◆ **Prompt**: Retype the records below from their first line through the line holding "1ヶ月以上経過してお爪が伸び", including both ends and no pictures.

==== Supplied data ====

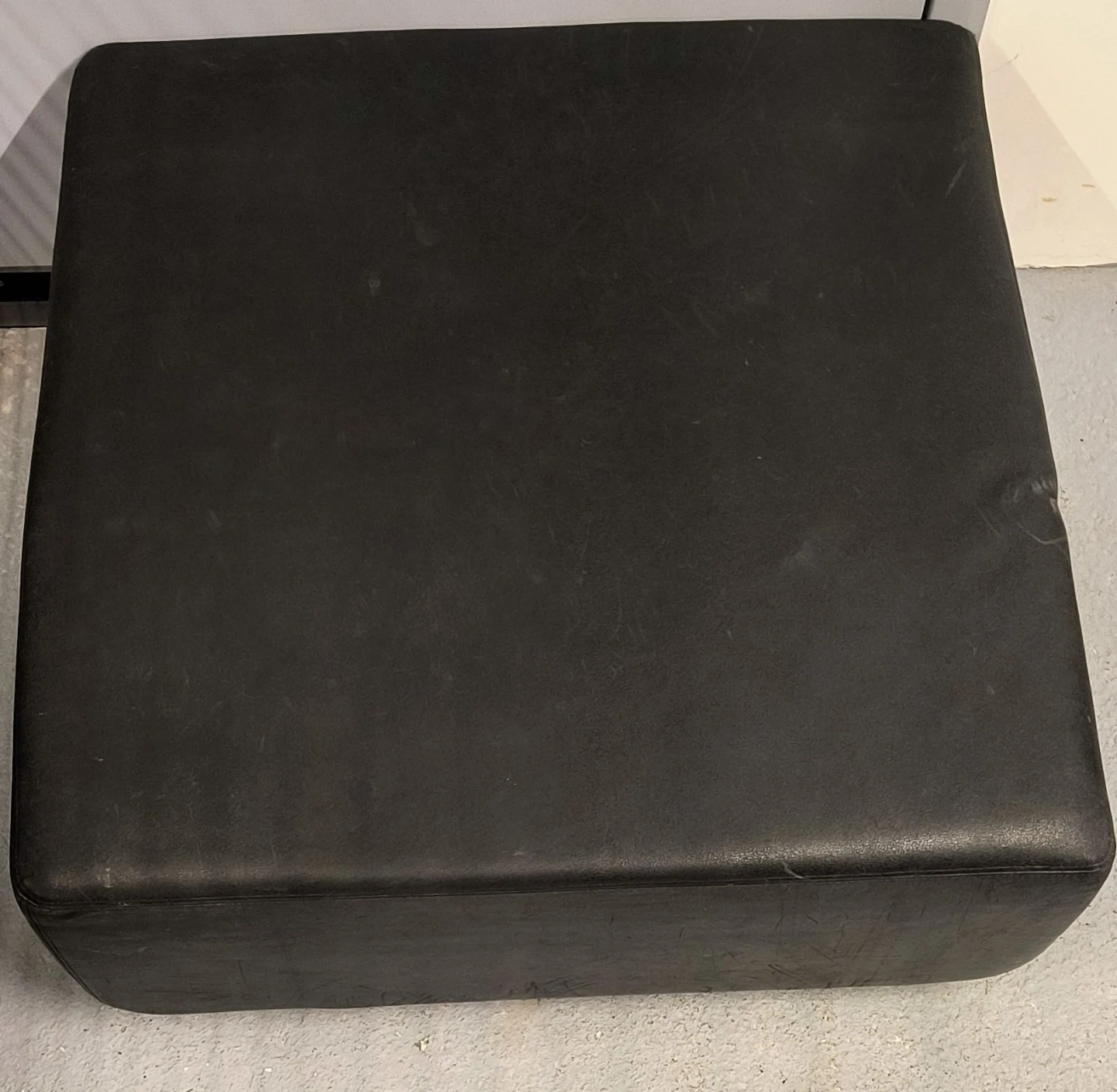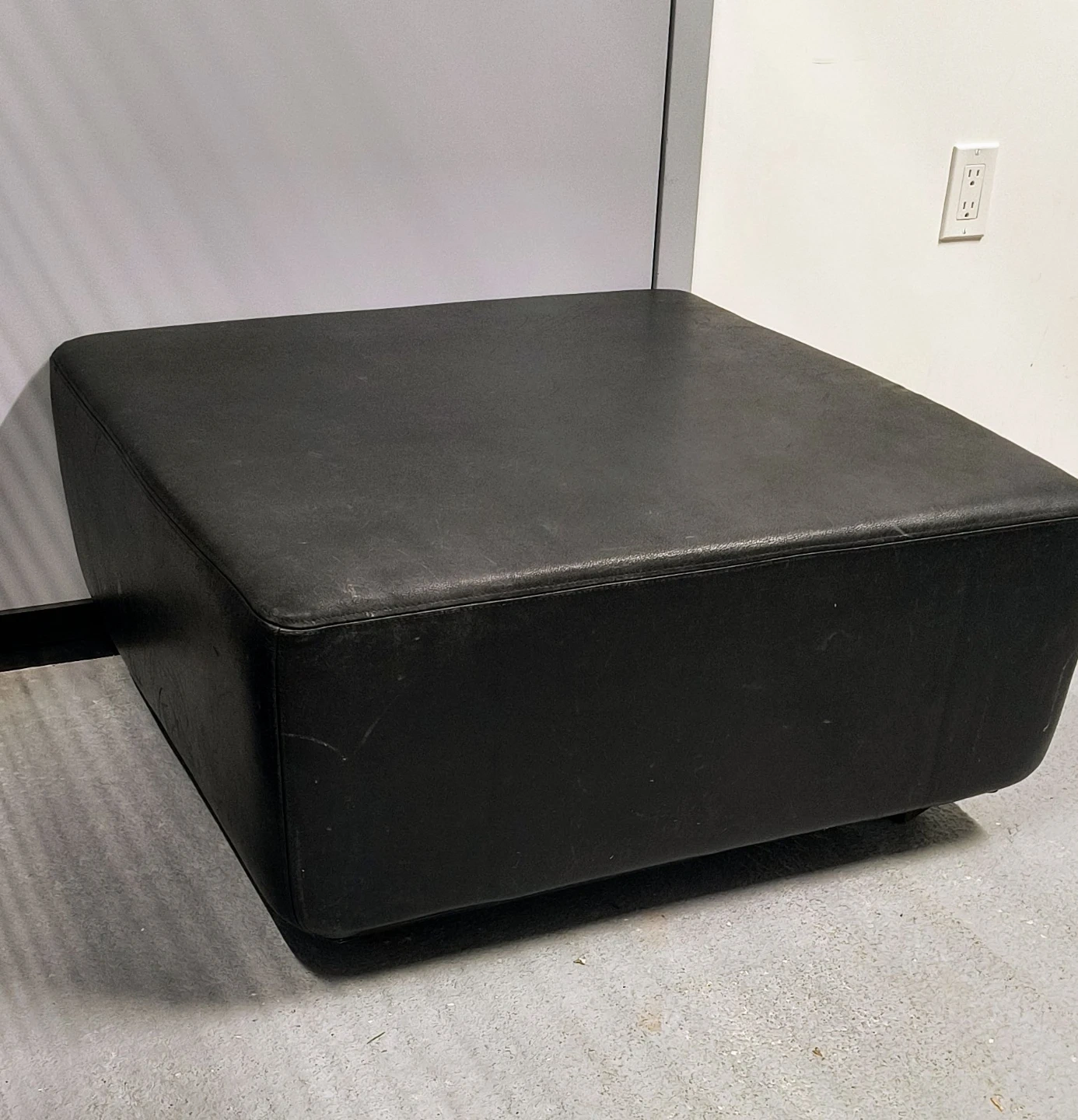 A versatile black leather ottoman. It's upholstered in what appears to be leather. This ottoman can serve as a footrest or extra seating. Its simple design fits many decors.
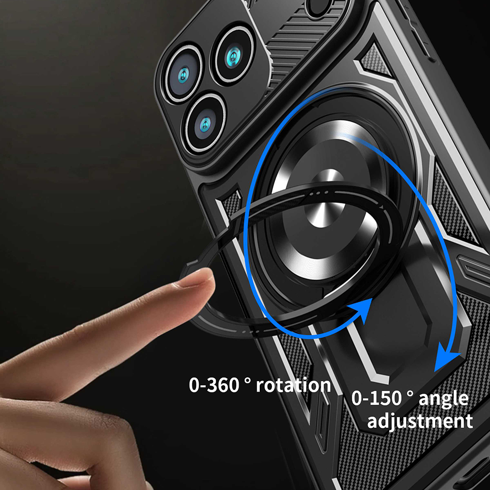 Dominantním prvkem zadní strany je integrovaný multifunkční kroužek, který slouží jako praktický stojánek pro vertikální i horizontální sledování obsahu. Kroužek je otočný o 360° a umožňuje nastavení úhlu v rozsahu 0-150°, což zajišťuje optimální pozorovací komfort. Navíc je tato část pouzdra kompatibilní s bezdrátovým nabíjením a magnetickými držáky, což rozšiřuje možnosti jeho využití. Vnitřní strana pouzdra je opatřena speciálním vzorem pro rychlý odvod tepla, čímž přispívá k optimálnímu výkonu vašeho telefonu.
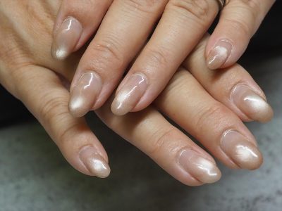 1ヶ月以上経過してお爪が伸びてしまったので、伸びた箇所が気になるとの事でご自分でトップコートを塗られての御来店。
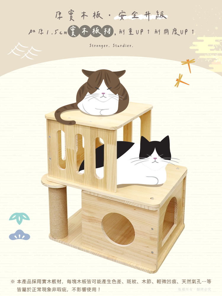 秉持匠人精神,每個跳台皆由台灣【貓本屋】獨家打造,從選材、裁切、打磨、裝箱,每個細節都蘊含對毛孩的關愛與用心。 多層結構設計,提供貓咪充分的攀爬、跳躍與休息空間,符合貓咪天性。加大小木屋,可依貓咪喜好放入抓板、絨毛墊、涼墊,是最佳的隱私空間。 採用1.5mm加厚實木板材,搭配8.8cm加粗麻繩柱,抗晃耐抓穩如泰山,板材通過TAF無甲醛認證,守護毛孩每一刻跳躍與休憩。邊角皆經純手工打磨,溫潤無銳角,讓毛孩從爬到睡都更安全。 注意事項:.本產品採用實木板材,每塊木板皆可能產生色差、斑紋、木節、輕微凹痕、 天然氣孔…等,皆屬於正常現象非瑕疵,不影響使用!.實木產品在熱脹冷縮的作用下,板材均會有變形率,屬正常現象。.本商品為接觸型商品,為避免傳染性疾病(如:跳蚤/壁蝨/疥癬…等) 一經開封或試用過,恕不受理更換事宜。.商品須自行組裝,購買前請仔細確認款式、規格是否符合需求,謹慎購買, 恕不接受個人因素退貨。如收到商品有瑕疵或缺少配件,請於鑑賞期內反應, 我司將儘快協助您。.本產品僅用於寵物使用,切勿用於其他用途。.商品圖檔顏色因電腦螢幕設定差異會略有不同,以實際商品顏色為準。.尺寸與重量皆採手工測量,±5%誤差屬正常範圍。 轉載敬告:鈞嵐(立嵐)之商品圖文、影片或商標等,皆屬鈞嵐(立嵐)版權所有,若未經同意即任意轉載刊登者,我司將進行相關智慧財產著作權與商標權及商業法的追訴權利。 產品規格: .商品型號:OO-P-TS5804.商品名稱:貓本屋 雙層疊疊樂 實木大貓窩 階梯貓跳台.尺 寸:約 58 x 46 x 66 cm (底板x高).重 量:約 11 kg (±5%).適用範圍.全齡貓.材 質:松木實木、金屬、麻繩.商品保固:僅限新品瑕疵可更換商品.產 地:台灣
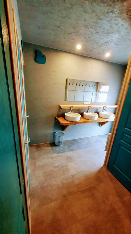 Dortoir : 80 m² avec lits superposés, grand sanitaire et vestiaire
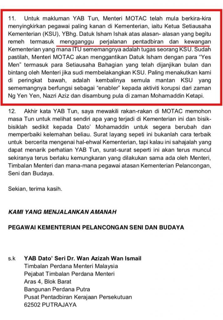 Baru ini tular dalam aplikasi whatsapps surat layang bertarikh 15 Jun 2019 di alamatkan kepada Perdana Menteri Malaysia berhubung luahan hati penjawat awam di Kementerian Pelancongan, Seni dan Budaya terhadap Menterinya Datuk Mohammadin Ketapi.
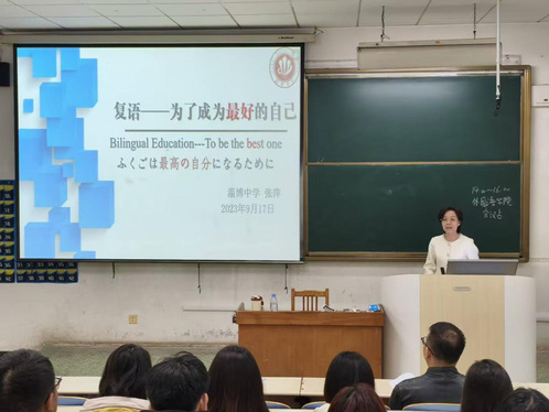 活动特邀淄博中学副校长张萍老师作专题报告。张老师以“润人文·精专业·通智能:做一名未来幸福教师”为核心,从“厚德、博学、笃行、至善”的教师底色,到“内驱力、阅读力、学习力”等成长能力,再到政策导向与AI伦理下的教师发展方向,为师范生构建了兼具人文温度与时代视野的职业成长框架,让在场学子对“幸福教师”的内涵有了更深刻的理解。
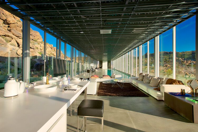 Il produttore cinematografico dietro American Psycho, The Virgin Suicides e Spring Breakers, Chris Hanley, e l'architetto Tomas Ozinski hanno progettato una casa a sbalzo a specchio che sembra un grattacielo di New York in orizzontale ma che è in grado di mimetizzarsi perfettamente nel famoso deserto americano. La Mirror House sorge a 10 minuti dal Joshua Tree National Park. Qui esistono pochissime costruzioni, e di notte il cielo si tinge dei colori più accecanti della notte.
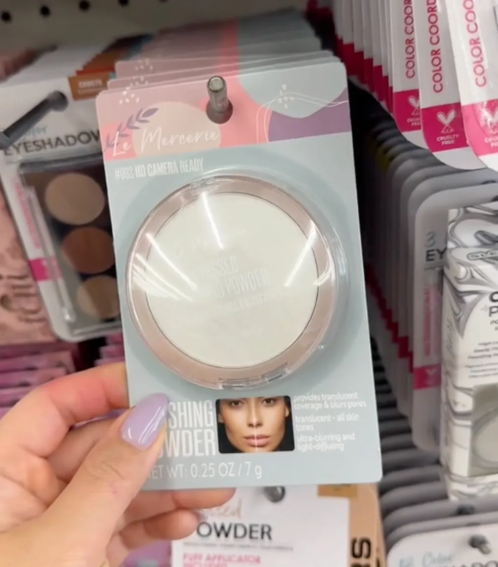 Another new makeup-setting product you can pick up for $1.25 at Dollar Tree is this finishing powder from Le Mercerie. “This looks so legit,” said @beau.thi.ful again.

====

◆ **Completed exercise**:
 A versatile black leather ottoman. It's upholstered in what appears to be leather. This ottoman can serve as a footrest or extra seating. Its simple design fits many decors.
 Dominantním prvkem zadní strany je integrovaný multifunkční kroužek, který slouží jako praktický stojánek pro vertikální i horizontální sledování obsahu. Kroužek je otočný o 360° a umožňuje nastavení úhlu v rozsahu 0-150°, což zajišťuje optimální pozorovací komfort. Navíc je tato část pouzdra kompatibilní s bezdrátovým nabíjením a magnetickými držáky, což rozšiřuje možnosti jeho využití. Vnitřní strana pouzdra je opatřena speciálním vzorem pro rychlý odvod tepla, čímž přispívá k optimálnímu výkonu vašeho telefonu.
 1ヶ月以上経過してお爪が伸びてしまったので、伸びた箇所が気になるとの事でご自分でトップコートを塗られての御来店。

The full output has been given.